**WORK INSTRUCTION:** From the first line to the last, output the data exactly as it stands, minus its pictures.

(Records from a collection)
====

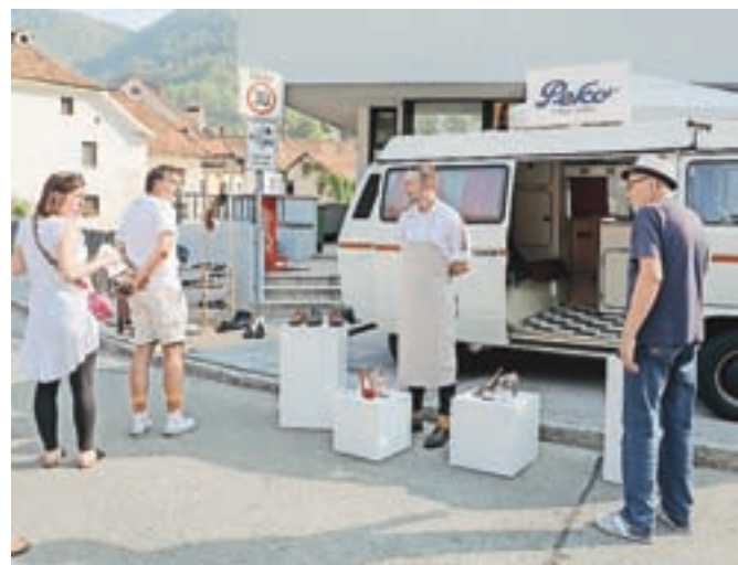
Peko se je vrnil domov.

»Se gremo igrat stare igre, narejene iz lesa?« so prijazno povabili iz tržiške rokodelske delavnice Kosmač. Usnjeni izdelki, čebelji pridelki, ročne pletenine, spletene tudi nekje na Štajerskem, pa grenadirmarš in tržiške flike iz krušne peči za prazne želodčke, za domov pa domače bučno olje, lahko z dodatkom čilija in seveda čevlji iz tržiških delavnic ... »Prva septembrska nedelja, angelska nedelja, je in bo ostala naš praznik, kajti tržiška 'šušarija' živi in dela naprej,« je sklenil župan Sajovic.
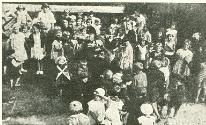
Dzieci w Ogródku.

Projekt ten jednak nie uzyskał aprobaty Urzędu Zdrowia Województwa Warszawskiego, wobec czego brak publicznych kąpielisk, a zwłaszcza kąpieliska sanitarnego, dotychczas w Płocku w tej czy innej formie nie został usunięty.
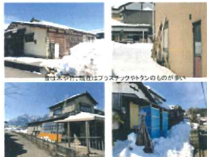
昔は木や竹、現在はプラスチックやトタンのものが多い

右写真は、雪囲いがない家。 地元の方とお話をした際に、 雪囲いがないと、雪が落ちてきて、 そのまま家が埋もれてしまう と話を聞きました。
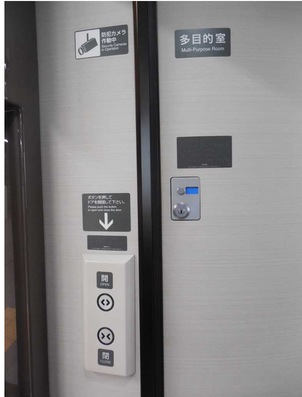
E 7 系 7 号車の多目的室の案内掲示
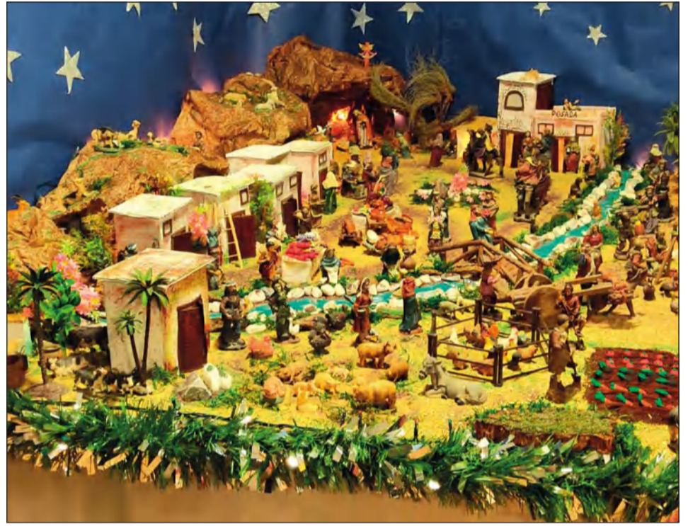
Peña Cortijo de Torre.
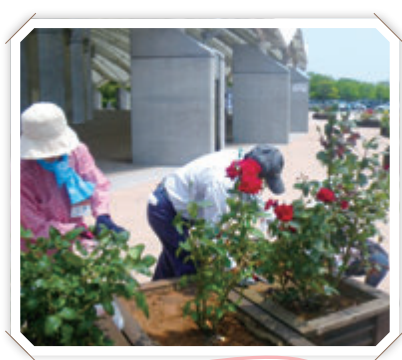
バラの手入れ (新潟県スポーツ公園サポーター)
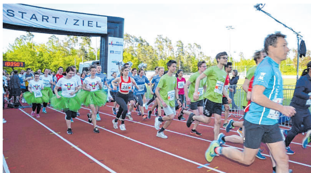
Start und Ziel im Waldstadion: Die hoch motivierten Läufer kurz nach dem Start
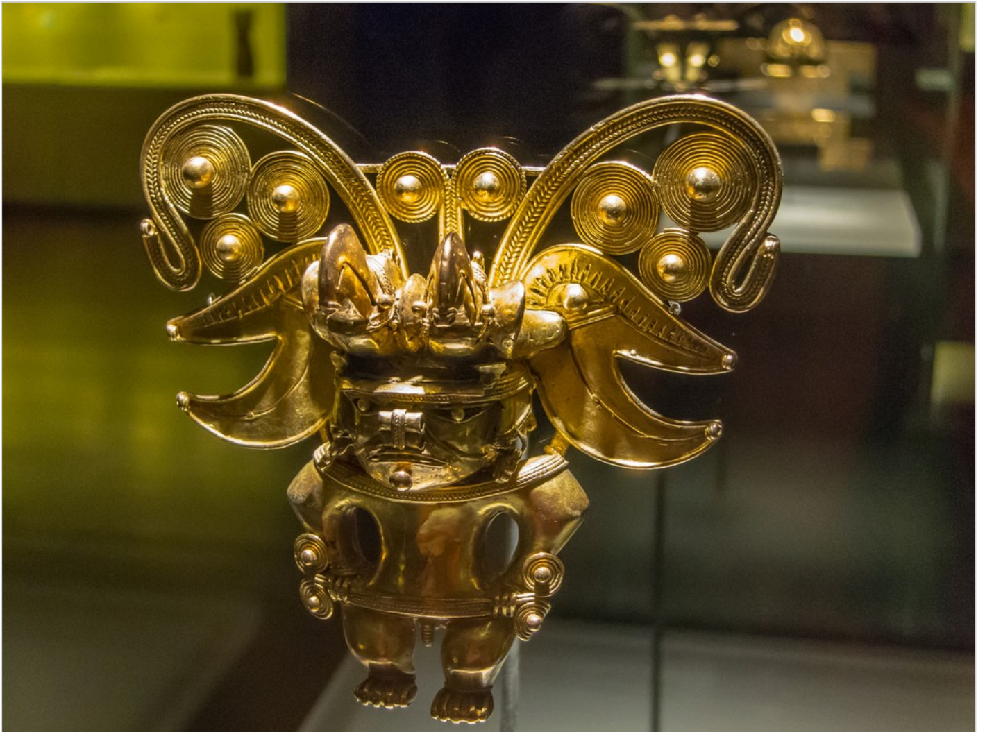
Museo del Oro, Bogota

====

**EXERCISE SOLUTION:**
Peko se je vrnil domov.

»Se gremo igrat stare igre, narejene iz lesa?« so prijazno povabili iz tržiške rokodelske delavnice Kosmač. Usnjeni izdelki, čebelji pridelki, ročne pletenine, spletene tudi nekje na Štajerskem, pa grenadirmarš in tržiške flike iz krušne peči za prazne želodčke, za domov pa domače bučno olje, lahko z dodatkom čilija in seveda čevlji iz tržiških delavnic ... »Prva septembrska nedelja, angelska nedelja, je in bo ostala naš praznik, kajti tržiška 'šušarija' živi in dela naprej,« je sklenil župan Sajovic.
Dzieci w Ogródku.

Projekt ten jednak nie uzyskał aprobaty Urzędu Zdrowia Województwa Warszawskiego, wobec czego brak publicznych kąpielisk, a zwłaszcza kąpieliska sanitarnego, dotychczas w Płocku w tej czy innej formie nie został usunięty.
昔は木や竹、現在はプラスチックやトタンのものが多い

右写真は、雪囲いがない家。 地元の方とお話をした際に、 雪囲いがないと、雪が落ちてきて、 そのまま家が埋もれてしまう と話を聞きました。
E 7 系 7 号車の多目的室の案内掲示
Peña Cortijo de Torre.
バラの手入れ (新潟県スポーツ公園サポーター)
Start und Ziel im Waldstadion: Die hoch motivierten Läufer kurz nach dem Start
Museo del Oro, Bogota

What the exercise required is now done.